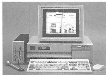
CSL with IBM compatible computer, monitor, microphone and mouse.

trigrams, formant trace, pitch extractions, power spectrum analysis, selective filtering, LPC analysis and many other analysis functions. In addition, the CSL can interface to many other programs providing users with added flexibility. Other features include: file management, graphics and numerical display, audio output and signal editing.
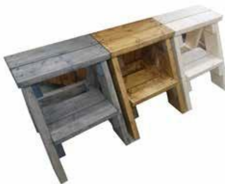
ISO RAPPU kuusi/mänty 150 € lämpökäsitelty 160 €
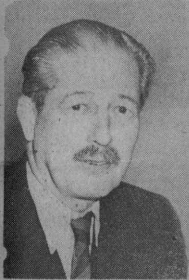
Harold Mac Millan, primer ministro inglés, que ha celebrado conversaciones con De Gaulle, y que proyecta reunirse también con Kennedy, los días 19 y 20 de los próximos días en las islas Bahamas.

Londres, 17.—El jefe del Gobierno, Harold MacMillan, se trasladará hoy a Las Bahamas, donde él y el presidente Kennedy, durante una entrevista de "alto nivel", que durará dos días intentarán obtener una solución para la aguda controversia anglo-norteamericana en torno al proyectil "Skybolt".

Your instructions
Please output the lines of the records above from the one with "trigrams, formant trace, pitch" through the last, exactly as they appear and with both ends included; skip any pictures and add nothing.

Task response
trigrams, formant trace, pitch extractions, power spectrum analysis, selective filtering, LPC analysis and many other analysis functions. In addition, the CSL can interface to many other programs providing users with added flexibility. Other features include: file management, graphics and numerical display, audio output and signal editing.
ISO RAPPU kuusi/mänty 150 € lämpökäsitelty 160 €
Harold Mac Millan, primer ministro inglés, que ha celebrado conversaciones con De Gaulle, y que proyecta reunirse también con Kennedy, los días 19 y 20 de los próximos días en las islas Bahamas.

Londres, 17.—El jefe del Gobierno, Harold MacMillan, se trasladará hoy a Las Bahamas, donde él y el presidente Kennedy, durante una entrevista de "alto nivel", que durará dos días intentarán obtener una solución para la aguda controversia anglo-norteamericana en torno al proyectil "Skybolt".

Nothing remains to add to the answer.